In a memo to investors being sent out on Thursday and reviewed by the Washington Examiner, incoming RSLC President Edith Jorge-Tuñón called the Judicial Fairness Initiative, an effort to elect conservative judges in state races, “one of the most important initiatives of 2025.” The committee has spent more than $29 million in states across the country.

“State supreme court races in Pennsylvania and Wisconsin in 2025 will determine map-drawing at the federal and state level after our next redistricting cycle and for years to come,” Jorge-Tuñón said in the email to investors. “That’s why the RSLC’s JFI is already committed to spending seven-figures in 2025 and raising even more resources is necessary to win and could make a decade-long impact.” 

The RSLC memo also noted how state judges and justices often rule on whether to implement critical legislation passed by state lawmakers. “It is not enough just to elect Republican majorities in the states if those legislators are constantly going to be overruled by the courts,” the memo says.

Furthermore, the decisions made by state legislatures and state Supreme Courts could affect the country as a whole given that redistricting cases can change state district lines and thus influence who controls the U.S. House.

To Jorge-Tuñón and the RSLC, investing in state judicial races is paramount to “driving states in a more conservative direction.”

“The court continues to be a place in Wisconsin politics where big issues are decided,” Barry Burden, a political scientist and elections expert at the University of Wisconsin-Madison, told WPR. “The state still has a Democratic governor and Republican Legislature who don’t get along and don’t do much productive lawmaking together … so a lot of the disputes between the parties end up being settled in the courts and eventually in the state Supreme Court.”

Wisconsin’s liberal Supreme Court Justice Ann Walsh Bradley is retiring, giving conservatives the opportunity to tip the 4-3 liberal majority in their favor.

“If we can unseat Bradley and replace her with a commonsense justice who won’t legislate from the bench, the partisan gerrymandering that Democrats engaged in during its state redistricting processes could be reversed by a new conservative majority,” Jorge-Tuñón wrote.

Wisconsin Republicans and Democrats have accused each other for years of gerrymandering. Liberals were able to take control of the state high court in 2023 for the first time in 15 years when then-Milwaukee County Judge Janet Protasiewicz defeated former state Supreme Court Justice Daniel Kelly. Now, just two years later, they have to fight to maintain their majority.

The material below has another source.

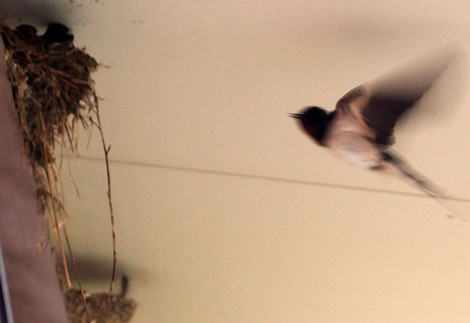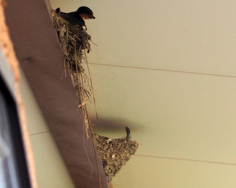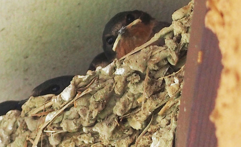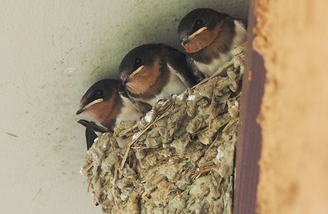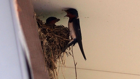 猛暑の中、今頃になって軒下の古巣でツバメが子育て中。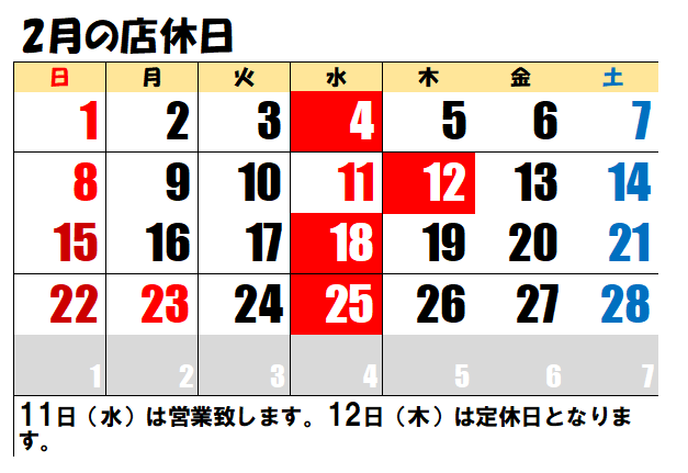 2/11(水)が営業で2/12(木)が定休日になりますのでご注意ください。

The RSLC is backing former Wisconsin Attorney General Brad Schimel, who served in that capacity from 2015 to 2019. The Waukesha County Circuit Court judge will face off against Dane County Circuit Court Judge Susan Crawford on April 1, 2025. 

The Pennsylvania Supreme Court currently holds a 5-2 liberal majority, but three justices will run in retention elections in November, giving them the opportunity to serve ten more years. For conservatives to take control, at least two of the three liberal justices need to be defeated.

The RSLC memo underscored the importance of winning the races for future elections and redistricting.

“Even if Republicans are able to take back control of the Pennsylvania legislature on a Democrat-favored map and find themselves with the map-drawing pen in 2032, the liberal majority on the courts will simply overrule their maps and gerrymander them in favor of Democrats, just like they did in the 2021-2022 cycle,” Jorge-Tuñón wrote. 

In its letter to investors, the RSLC touted its success in 2024 by helping maintain and grow conservative Supreme Court majorities in Ohio and Montana. And in Texas, all 10 appellate candidates supported by the JFI won their elections. 

“It’s true, the fight for state legislatures often gets the most attention,” the RSLC memo says, “but we must not cede the critical battleground of state judicial races.”